I had a couple of hours to spare recently and I took a quick walk down memory lane.
My father was a farmer - we had dairy cattle for a long time and it's a hard, demanding lifestyle. As kids, we weren't exactly encouraged to help out - but we did manage to sneak in and bring a gallon of milk to Mom for dinner or breakfast. I can remember clearly the hard work washing out all the dairy dishes and implements, the
milking machines, the milk cans which were uplifted daily by the milk lorry. Even more spectacular was the day when dad got his first bulk
milk cooler - second-hand from a cousin. He was as newfangled with it as it was possible to be.
I can remember the smell of the cleaning chemicals in the dairy as if it was yesterday. I can smell the cattle feed we gave in the winter, see the cattle licking the
salt lick, drinking water, eating the sweet smelling hay and silage. Once you've heard the sound of the milking machines, you would recognise it anywhere.
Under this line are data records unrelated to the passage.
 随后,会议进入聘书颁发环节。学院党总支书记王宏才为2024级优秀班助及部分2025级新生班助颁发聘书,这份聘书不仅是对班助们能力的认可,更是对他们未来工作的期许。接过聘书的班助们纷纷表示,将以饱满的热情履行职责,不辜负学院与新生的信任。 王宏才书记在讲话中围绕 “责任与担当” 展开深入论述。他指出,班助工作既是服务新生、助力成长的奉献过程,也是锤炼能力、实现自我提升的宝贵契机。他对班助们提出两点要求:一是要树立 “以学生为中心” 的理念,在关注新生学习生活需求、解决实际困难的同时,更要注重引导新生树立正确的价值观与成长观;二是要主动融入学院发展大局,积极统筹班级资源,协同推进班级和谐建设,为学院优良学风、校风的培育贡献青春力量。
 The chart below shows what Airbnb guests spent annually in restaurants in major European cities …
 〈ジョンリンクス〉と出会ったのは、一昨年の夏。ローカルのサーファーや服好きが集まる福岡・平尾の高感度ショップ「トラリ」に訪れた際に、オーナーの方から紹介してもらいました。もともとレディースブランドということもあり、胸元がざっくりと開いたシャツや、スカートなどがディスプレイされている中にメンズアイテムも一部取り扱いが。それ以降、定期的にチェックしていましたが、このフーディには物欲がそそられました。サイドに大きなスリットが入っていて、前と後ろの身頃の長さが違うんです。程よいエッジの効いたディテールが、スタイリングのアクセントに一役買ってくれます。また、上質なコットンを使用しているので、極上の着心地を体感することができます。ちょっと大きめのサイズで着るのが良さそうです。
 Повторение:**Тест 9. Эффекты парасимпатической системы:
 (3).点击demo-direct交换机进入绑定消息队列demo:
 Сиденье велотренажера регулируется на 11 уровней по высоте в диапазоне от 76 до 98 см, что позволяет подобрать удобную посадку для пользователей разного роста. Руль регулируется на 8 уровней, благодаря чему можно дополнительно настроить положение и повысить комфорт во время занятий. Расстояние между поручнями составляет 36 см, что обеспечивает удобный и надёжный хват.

I can remember Dad crouching alongside the cows, testing each quarter to make sure the cow didn't have mastitis - because that's one of the potential side-effects of using mechanical milking machines. If there was any trace of infection, the infected quarter wasn't milked - and I don't think the rest of the milk from that animal was included in the milk collection. The vet was called out and antibiotics administered to treat the cow - I vaguely remember a small tube of ointment which was applied locally to the infected teat.
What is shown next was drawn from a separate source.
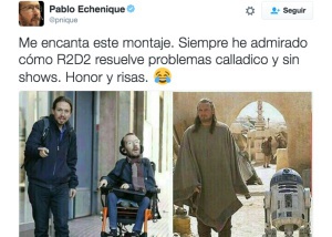Además de este vídeo, Lets Zink lleva meses publicando tanto en su página de Facebook Spain Wars como en Twitter carteles propagandísticos en los que mezclan el imaginario de Star Wars con personajes políticos.
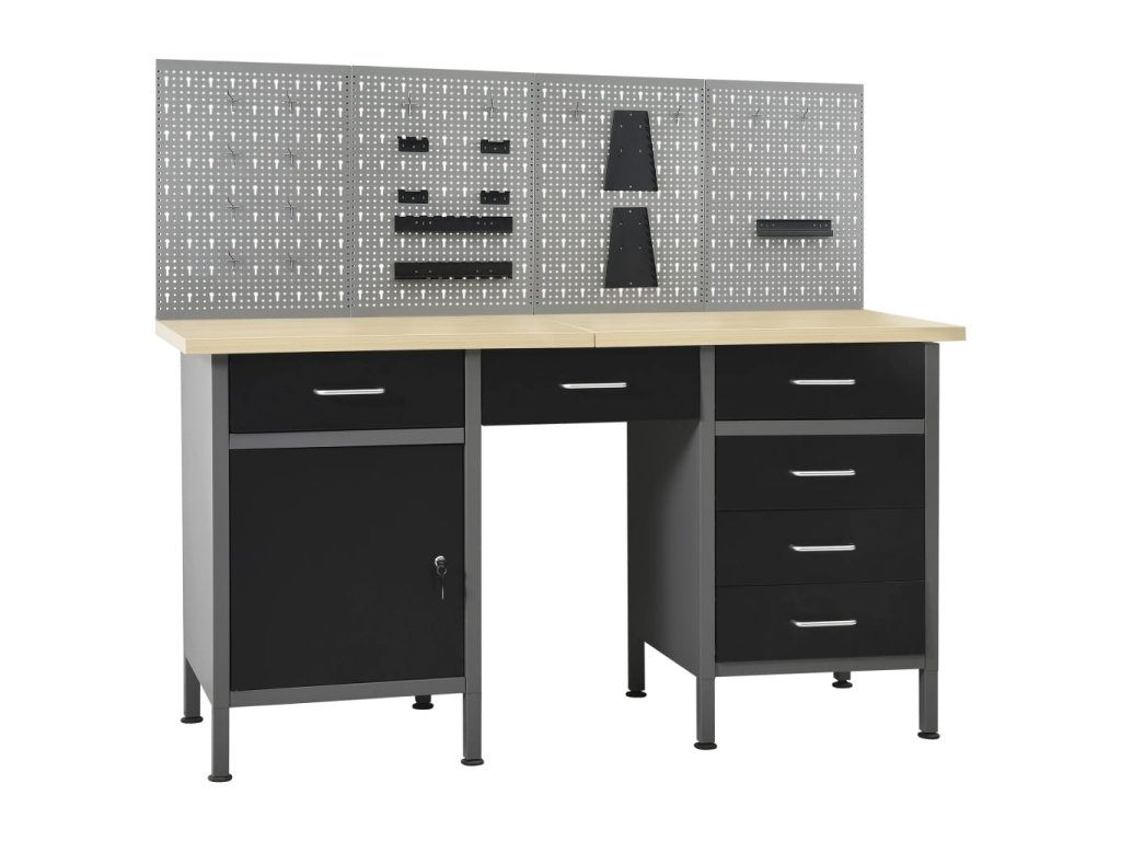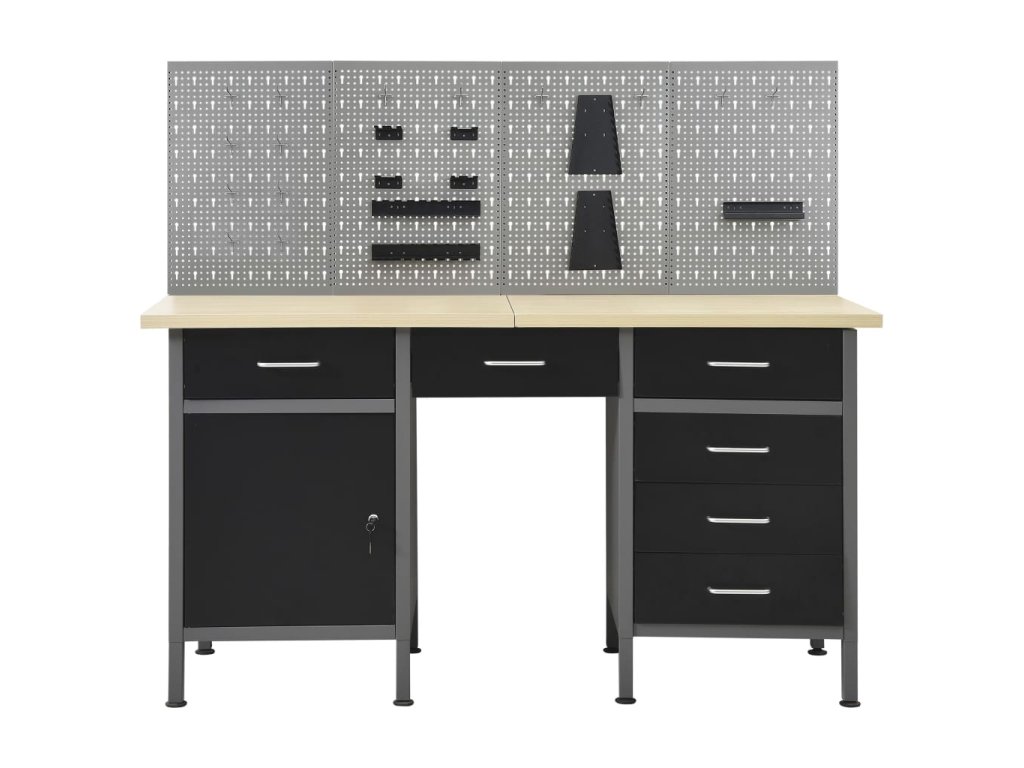 Tato dílenská sada 1 pracovního stolu se 4 nástěnnými panely je praktické úložné řešení pro vaši dílnu a garáž.

Among the other sounds - the barking of the collie dogs as they helped bring in the herd at milking time; the sound of the chains rattling as Dad tied up each cow in her stall before milking started. I remember being quite frightened when the bull was among the cattle - I never felt quite so easy about tying him up - although generally there were no problems. I can still "hear" the milk lorry arriving to pick up the day's milk. Our milking machines were driven by a vacuum arrangement attached to a tractor drive - and the sound of Dad starting that up is still with me.
The cow shed is a noisy place. The cattle low, they seem to gossip to one another. Their feet made a distinctive noise on the concrete floor; you could hear them eating the hay and the cattle nuts; if they were wintered inside, you could hear the sound of them breathing. Cleaning out the byre was also a noisy affair with the dung being scraped into a collecting trough and then barrowed out to the dung heap. The hay was brought from the hayshed - and that had its own noise, too - rustling of the wind through the shed made its own light, whispering sound.
I didn't realise how very much I miss all of this - farming is a labour of love and I cherish the memory of those far off days.